── GIVEN INFORMATION ──
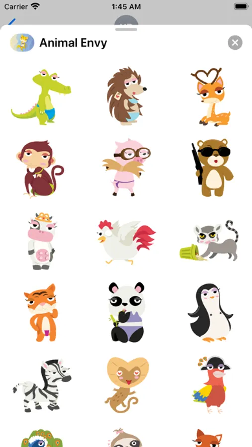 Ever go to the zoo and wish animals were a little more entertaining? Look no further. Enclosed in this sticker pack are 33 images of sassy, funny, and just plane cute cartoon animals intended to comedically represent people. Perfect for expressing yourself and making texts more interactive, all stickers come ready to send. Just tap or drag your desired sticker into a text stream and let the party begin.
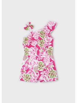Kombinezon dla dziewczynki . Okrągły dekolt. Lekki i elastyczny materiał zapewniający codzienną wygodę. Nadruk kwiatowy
───
── GIVEN INFORMATION ──
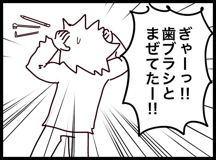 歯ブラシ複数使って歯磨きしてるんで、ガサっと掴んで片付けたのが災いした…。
───
- **PROBLEM STATEMENT**
Return exactly the lines of the material above, starting at the line containing "Ever go to the" and finishing at the line containing "Kombinezon dla dziewczynki", without any pictures.

- **RESULT FOR THIS TASK**
 Ever go to the zoo and wish animals were a little more entertaining? Look no further. Enclosed in this sticker pack are 33 images of sassy, funny, and just plane cute cartoon animals intended to comedically represent people. Perfect for expressing yourself and making texts more interactive, all stickers come ready to send. Just tap or drag your desired sticker into a text stream and let the party begin.
Kombinezon dla dziewczynki . Okrągły dekolt. Lekki i elastyczny materiał zapewniający codzienną wygodę. Nadruk kwiatowy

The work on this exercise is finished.